• **SOURCE MATERIAL**
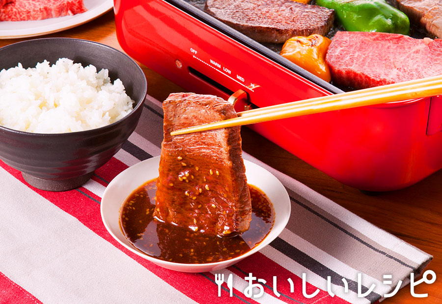 - ホットプレートで肉や野菜を焼き、「黄金の味」につけてお召しあがりください。
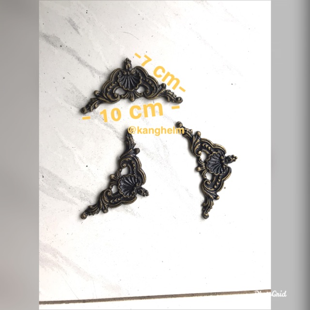 Hiasan sudut tebal dan besar sebagai pelengkap hiasan kotak seserahan/hantaran untuk kesan klasik yg mewah atau untuk keperluan lainnya. Harga yg tertera merupakan harga untuk 1 pcs.Warna : Coklat keemasanUkuran : 10 cmBarang yg sudah dibeli tidak dapat ditukar atau dikembali
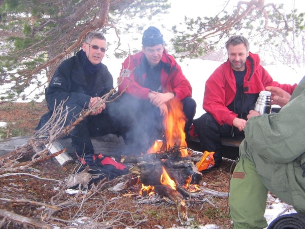 Turen gikk så videre inn over dalsiden. Tre av gutta stoppet under veis på et vann hvor de ville prøve fiskelykken (dette er ikke vanlig på våre turer). De øvrige fortsatt videre. Været ble etter hver ikke det aller beste, mildværet med noe regn og sludd som det også var meldt, begynte å gjøre seg gjeldende. Etter å ha gått et stykke innover dalsiden, bestemte vi oss for å trekke oss ned i skogen hvor vi fant ei stor furu som vi kunne sitte under. Her ble det skikkelig koselig med stort bål. Vi ble sittende ut på ettermiddagen. Vi storkoset oss under furua som skjermet for været. Gutta som ble igjen for å fiske gikk direkte til stuene (var ikke med på bålkosen) med 2 små fisker. Denne lørdagen gikk vi ca 10 km.
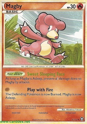 Kosten: Das Verteidigende Pokémon ist jetzt verbrannt. Magby schläft jetzt.   Schaden:
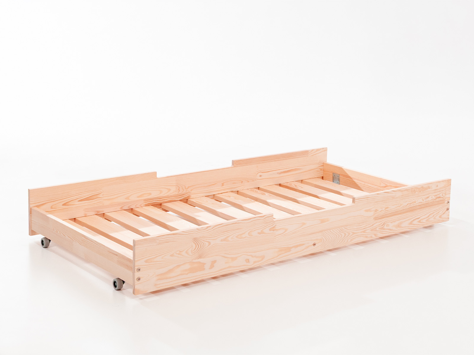 - for beds with a width of 120 cm and 140 cm, the drawer is narrower due to a central reinforcement bar, so it works best as storage.

• **EXERCISE BRIEF**
In the answer, set down only the lines from the opening line of the listing through the line that holds "Hiasan sudut tebal", exactly as they appear, minus the pictures.

• **WRITTEN SOLUTION**
 - ホットプレートで肉や野菜を焼き、「黄金の味」につけてお召しあがりください。
 Hiasan sudut tebal dan besar sebagai pelengkap hiasan kotak seserahan/hantaran untuk kesan klasik yg mewah atau untuk keperluan lainnya. Harga yg tertera merupakan harga untuk 1 pcs.Warna : Coklat keemasanUkuran : 10 cmBarang yg sudah dibeli tidak dapat ditukar atau dikembali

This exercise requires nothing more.